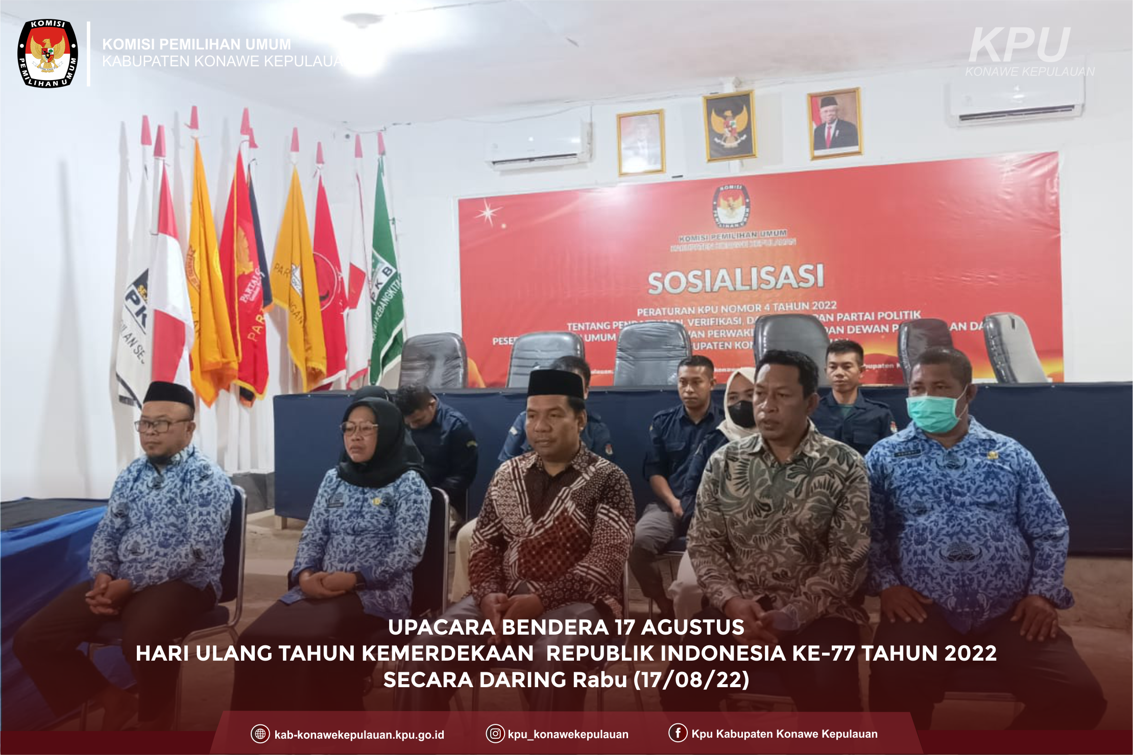 KonaweKepulauanKPU-Komisi Pemilihan Umum Kabupaten Konawe Kepulauan Mengikuti Upacara Peringatan HUT Kemerdekaan Republik Indonesia Ke-77 Tahun 2022 di AULA Kantor KPU Kabupaten Konawe Kepulauan secara daring yang diikuti seluruh KPU Kab/Kota Se-Sulawesi Tenggara. Rabu, (17/08/22)
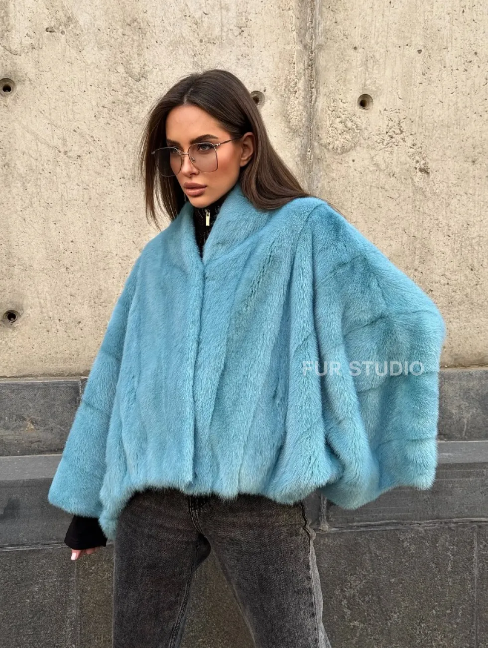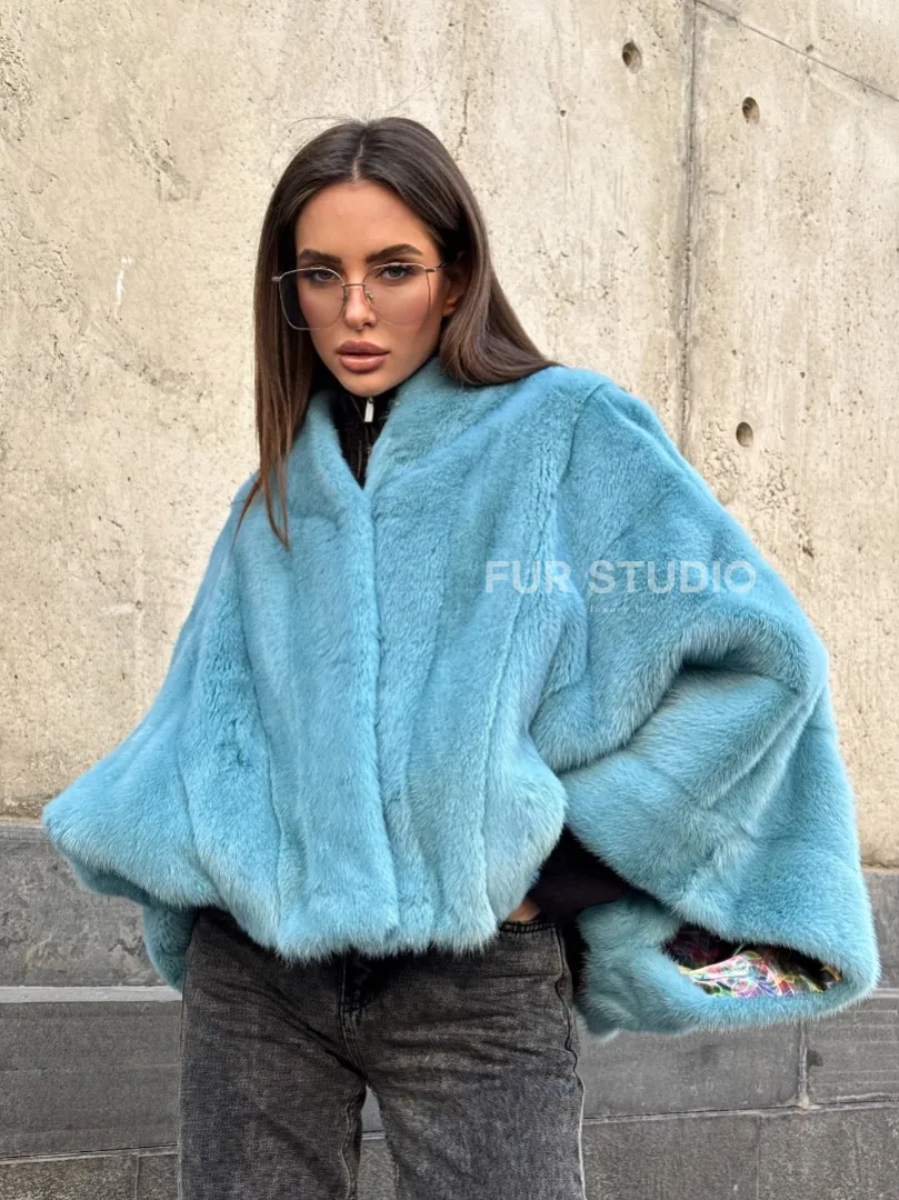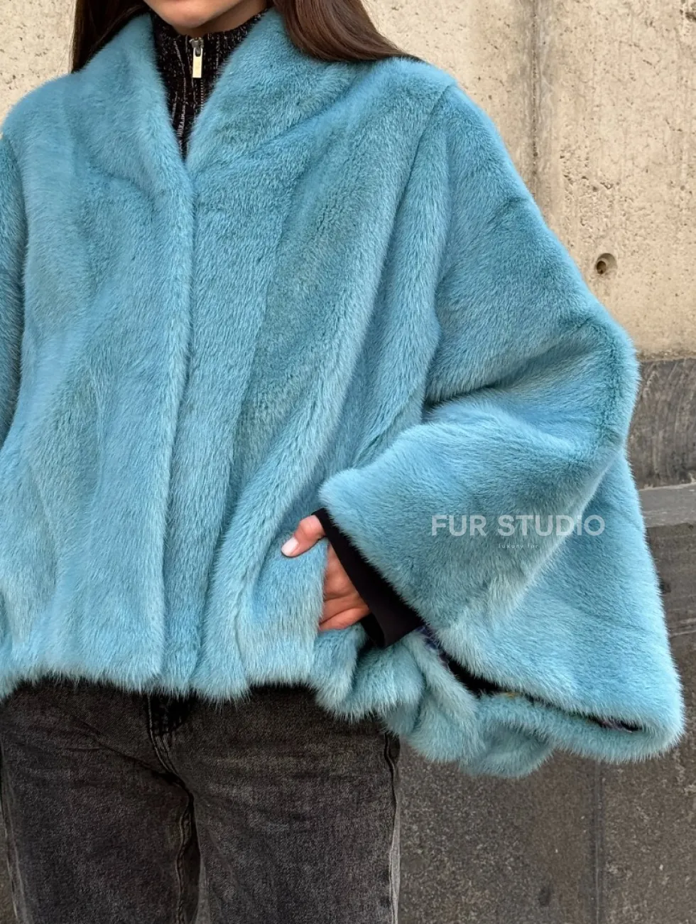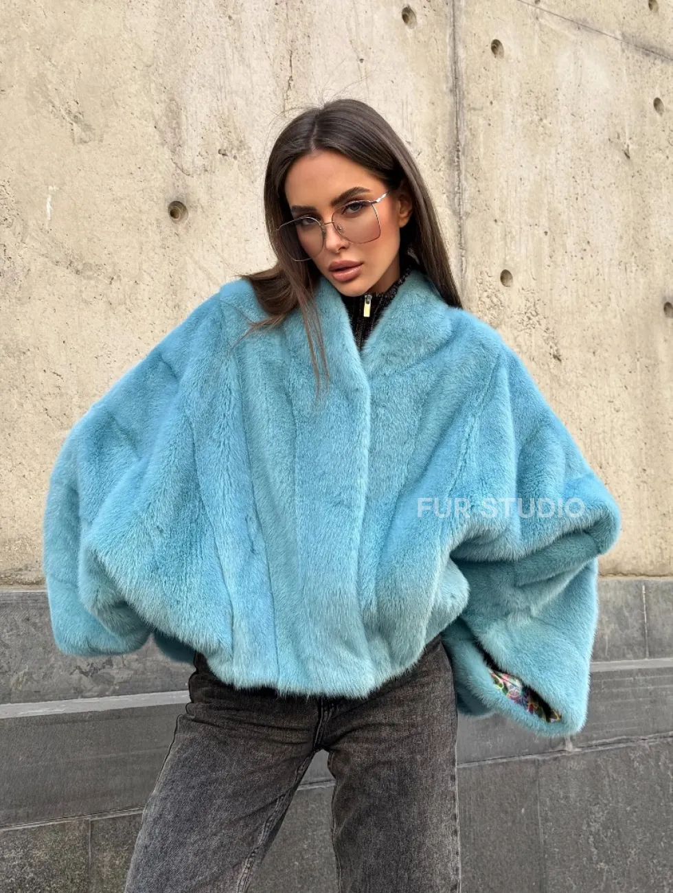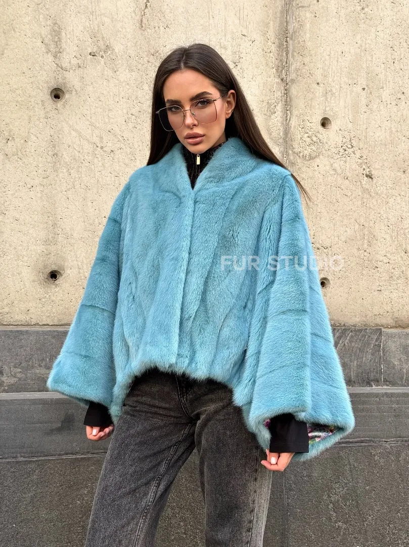 Норковая шуба летучка с V-образным воротником, цвет - тиффани доступна для покупки в нашем шоуруме Furs Studio в Москве. У нас так же есть доставка во все города России. Добавьте немного роскоши в свой гардероб с этой шубой, которая будет служить вам многие годы.
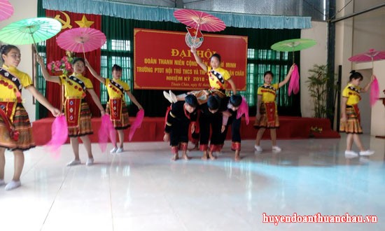 Tiết mục văn nghệ chào mừng đại hội của trường PTDT nội trú THCS-THPT huyện
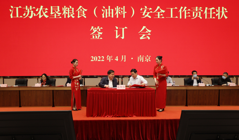 会上,魏红军代表集团公司党委,与集团公司农业发展部、苏垦农发股份公司及18家农场公司主要负责人签订了粮食(油料)安全责任状。
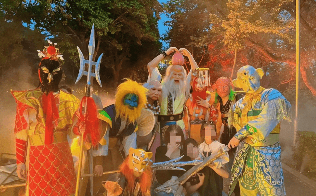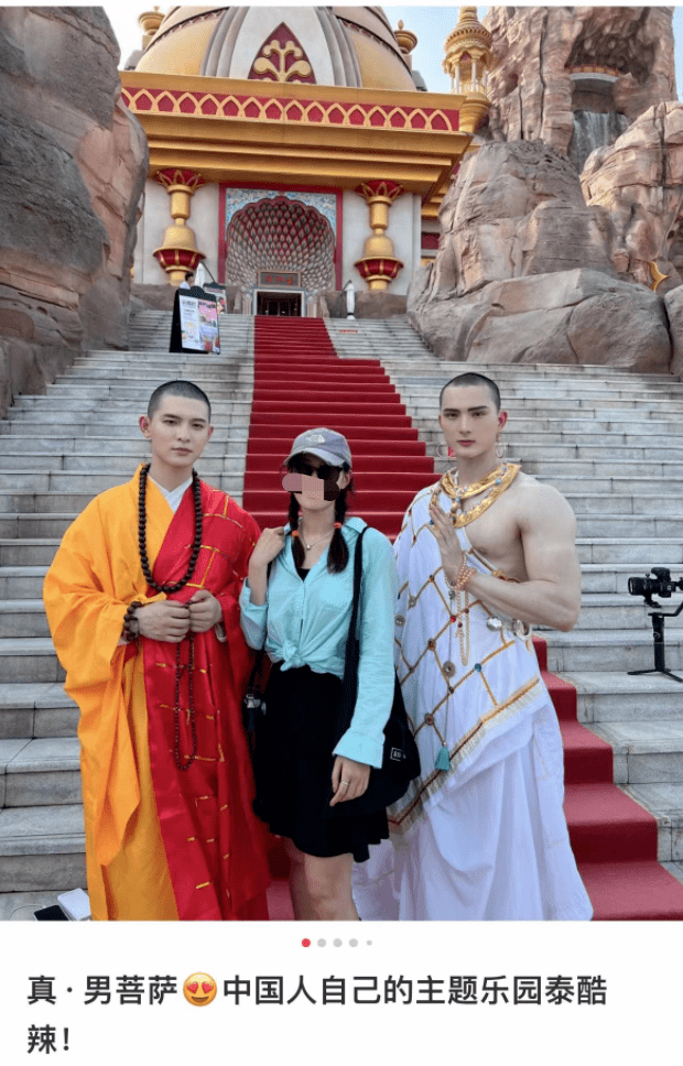 “合影不花钱,还有演出。猪八戒唱歌还跟孩子互动,老有意思了!”
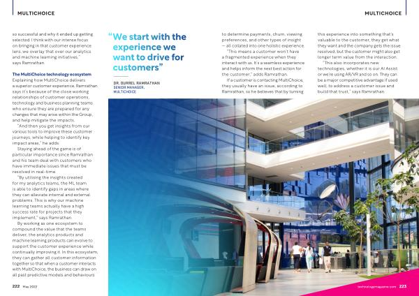 so successful and why it ended up getting selected . I think with our intense focus on bringing in that customer experience lens , we overlay that over our analytics and machine learning initiatives ,” says Ramrathan .
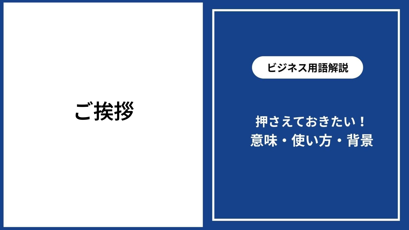 本記事では「ご挨拶」の意味や使い方、ビジネスシーンでのポイントなどをわかりやすく解説します。
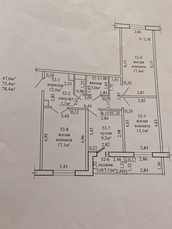 Общей площадью 73.4 м2., жилая 47.6 кв.м., кухня 9.2 кв.м. Квартира расположена на 6 этаже 7-и этажного панельного дома.
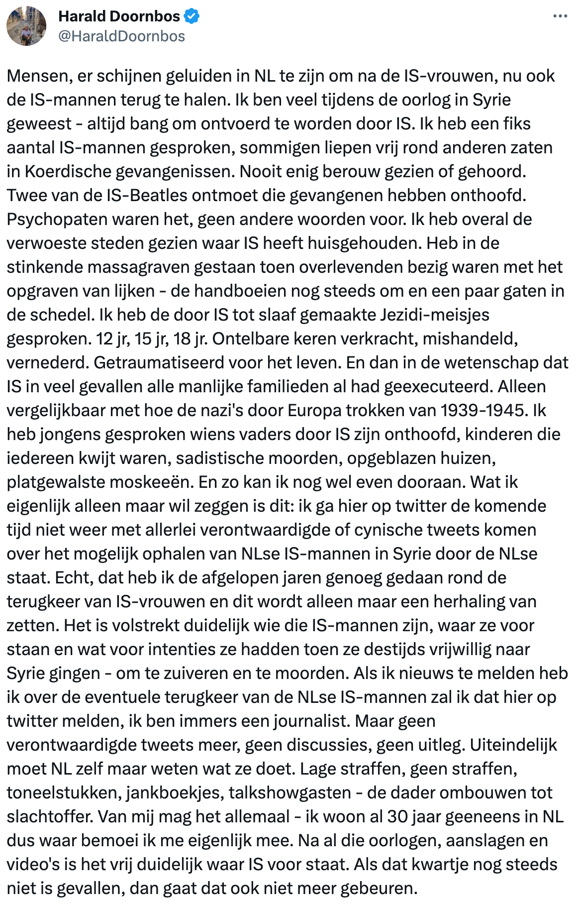 Meerdere colleges gaf onze favoriete docent Ingewikkelde Internationale Betrekkingen Harald Doornbos over de terugkeer van IS'ers, tot voor kort voornamelijk vrouwen. Zoals hier, en hier, maar natuurlijk ook op X. Meerdere keren schetste hij zijn verbazing over de gastvrijheid waarmee die staatsgevaarlijke gekken met Yesilgöz Travels en Bolkestein Airlines werden teruggecharterd naar de Polderbaan. En het is niet alleen de overheid, het is ook de media, met dit soort gelul - terugkeerders krijgen in Nederland een premiumabo NRC en als ze zielig genoeg zijn een televisieserie van de NPO, een heus toneelstuk en een pak geld om hagelslagtranen te mogen huilen op de schoot van Margriet. Welnu, de mannetjes willen nu ook terug. U weet: de vrouwtjes zetten alleen maar thee, de mannetjes brachten die thee rond. In een vlammend betoog op X maakt Doornbos korte metten met dat narratief, maar er overheerst toch vooral gelatenheid. Nederland luistert toch niet, ze komen toch wel, ze krijgen toch een fopstraf en dan lopen ze toch gewoon weer rond, met de slotzinnen als definitieve onthoofding van Nederland: "Uiteindelijk moet NL zelf maar weten wat ze doet. Lage straffen, geen straffen, toneelstukken, jankboekjes, talkshowgasten - de dader ombouwen tot slachtoffer. Van mij mag het allemaal - ik woon al 30 jaar geeneens in NL dus waar bemoei ik me eigenlijk mee. Na al die oorlogen, aanslagen en video's is het vrij duidelijk waar IS voor staat. Als dat kwartje nog steeds niet is gevallen, dan gaat dat ook niet meer gebeuren." Amen.
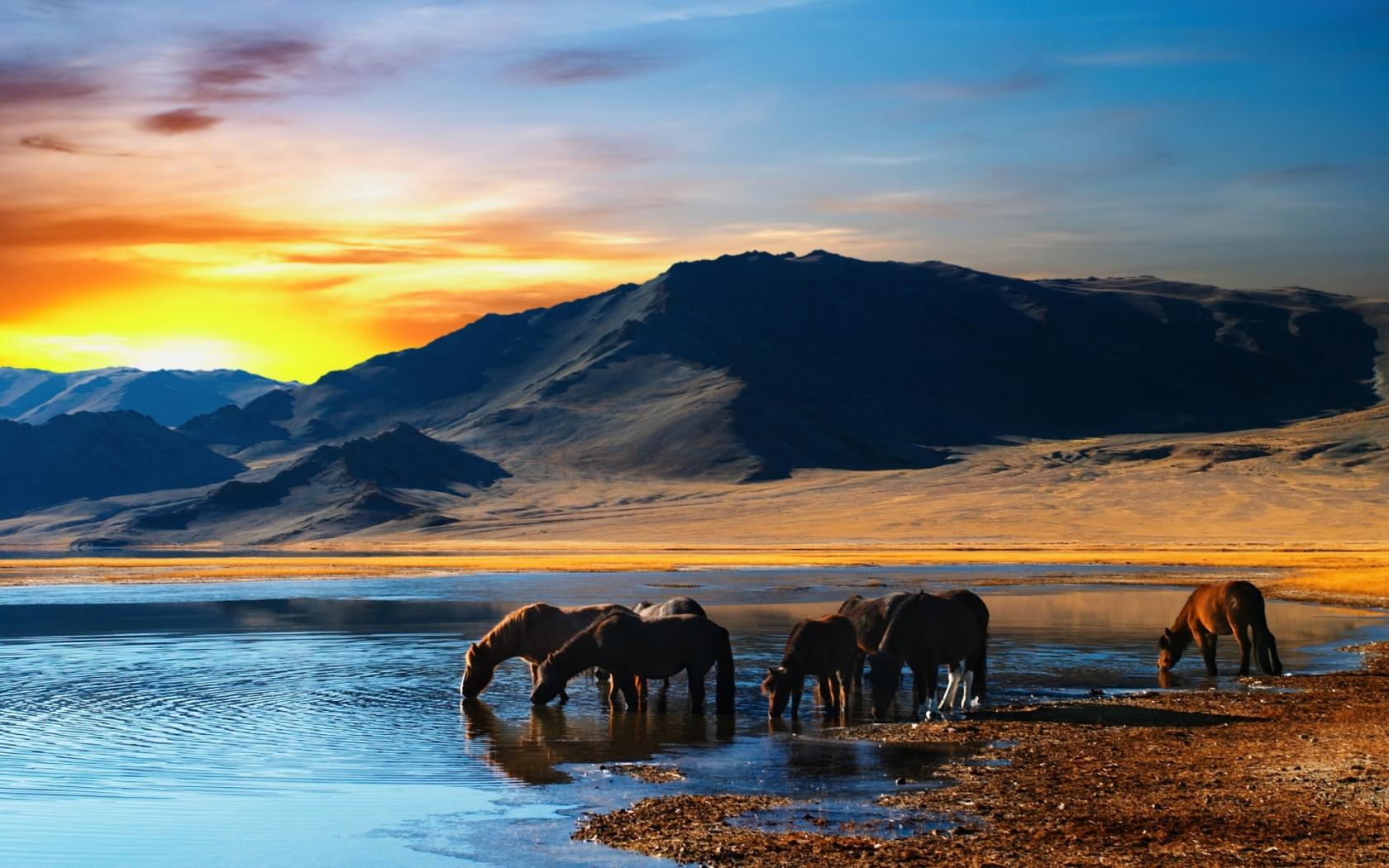 Дикие лошади у озера обои для рабочего стола, картинки, фото, 1680x1050. | ||||||||||||||||||||||
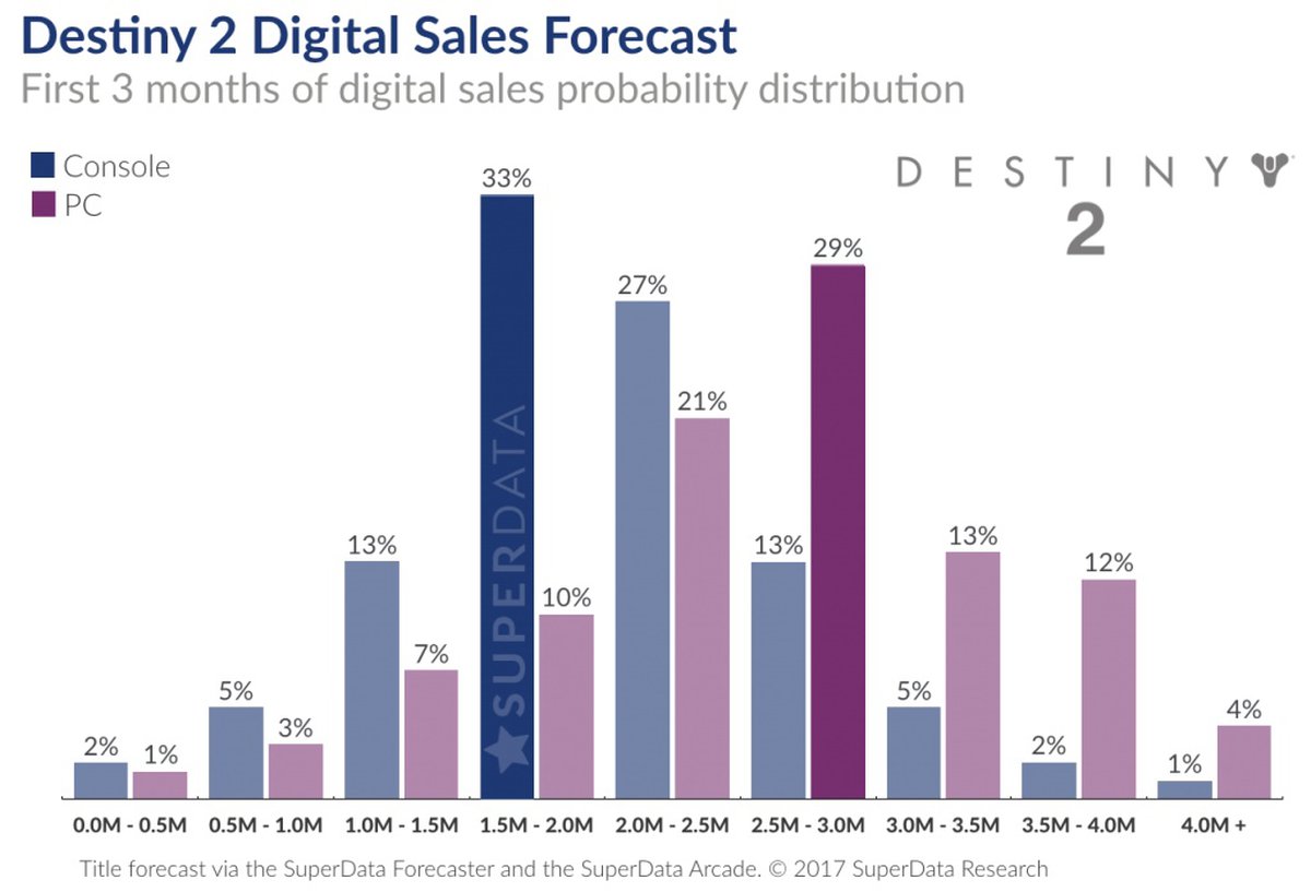 В SuperData считают, что общие продажи Destiny 2 в первые три месяца могут достичь отметки в 4 или 5 миллионов копий. К этой цифре в компании пришли, проанализировав динамику продаж первой части Destiny и сравнив ее с результатами других AAA-проектов. Прогноз также учитывает релизное окно Destiny 2 и влияние Battle.net на продажи PC-версий игры.

> PROBLEM STATEMENT:
Apart from the pictures, the whole listing should be reproduced exactly.

> EXPECTED ANSWER:
 KonaweKepulauanKPU-Komisi Pemilihan Umum Kabupaten Konawe Kepulauan Mengikuti Upacara Peringatan HUT Kemerdekaan Republik Indonesia Ke-77 Tahun 2022 di AULA Kantor KPU Kabupaten Konawe Kepulauan secara daring yang diikuti seluruh KPU Kab/Kota Se-Sulawesi Tenggara. Rabu, (17/08/22)
 Норковая шуба летучка с V-образным воротником, цвет - тиффани доступна для покупки в нашем шоуруме Furs Studio в Москве. У нас так же есть доставка во все города России. Добавьте немного роскоши в свой гардероб с этой шубой, которая будет служить вам многие годы.
 Tiết mục văn nghệ chào mừng đại hội của trường PTDT nội trú THCS-THPT huyện
 会上,魏红军代表集团公司党委,与集团公司农业发展部、苏垦农发股份公司及18家农场公司主要负责人签订了粮食(油料)安全责任状。
 “合影不花钱,还有演出。猪八戒唱歌还跟孩子互动,老有意思了!”
 so successful and why it ended up getting selected . I think with our intense focus on bringing in that customer experience lens , we overlay that over our analytics and machine learning initiatives ,” says Ramrathan .
 本記事では「ご挨拶」の意味や使い方、ビジネスシーンでのポイントなどをわかりやすく解説します。
 Общей площадью 73.4 м2., жилая 47.6 кв.м., кухня 9.2 кв.м. Квартира расположена на 6 этаже 7-и этажного панельного дома.
 Meerdere colleges gaf onze favoriete docent Ingewikkelde Internationale Betrekkingen Harald Doornbos over de terugkeer van IS'ers, tot voor kort voornamelijk vrouwen. Zoals hier, en hier, maar natuurlijk ook op X. Meerdere keren schetste hij zijn verbazing over de gastvrijheid waarmee die staatsgevaarlijke gekken met Yesilgöz Travels en Bolkestein Airlines werden teruggecharterd naar de Polderbaan. En het is niet alleen de overheid, het is ook de media, met dit soort gelul - terugkeerders krijgen in Nederland een premiumabo NRC en als ze zielig genoeg zijn een televisieserie van de NPO, een heus toneelstuk en een pak geld om hagelslagtranen te mogen huilen op de schoot van Margriet. Welnu, de mannetjes willen nu ook terug. U weet: de vrouwtjes zetten alleen maar thee, de mannetjes brachten die thee rond. In een vlammend betoog op X maakt Doornbos korte metten met dat narratief, maar er overheerst toch vooral gelatenheid. Nederland luistert toch niet, ze komen toch wel, ze krijgen toch een fopstraf en dan lopen ze toch gewoon weer rond, met de slotzinnen als definitieve onthoofding van Nederland: "Uiteindelijk moet NL zelf maar weten wat ze doet. Lage straffen, geen straffen, toneelstukken, jankboekjes, talkshowgasten - de dader ombouwen tot slachtoffer. Van mij mag het allemaal - ik woon al 30 jaar geeneens in NL dus waar bemoei ik me eigenlijk mee. Na al die oorlogen, aanslagen en video's is het vrij duidelijk waar IS voor staat. Als dat kwartje nog steeds niet is gevallen, dan gaat dat ook niet meer gebeuren." Amen.
 Дикие лошади у озера обои для рабочего стола, картинки, фото, 1680x1050. | ||||||||||||||||||||||
 В SuperData считают, что общие продажи Destiny 2 в первые три месяца могут достичь отметки в 4 или 5 миллионов копий. К этой цифре в компании пришли, проанализировав динамику продаж первой части Destiny и сравнив ее с результатами других AAA-проектов. Прогноз также учитывает релизное окно Destiny 2 и влияние Battle.net на продажи PC-версий игры.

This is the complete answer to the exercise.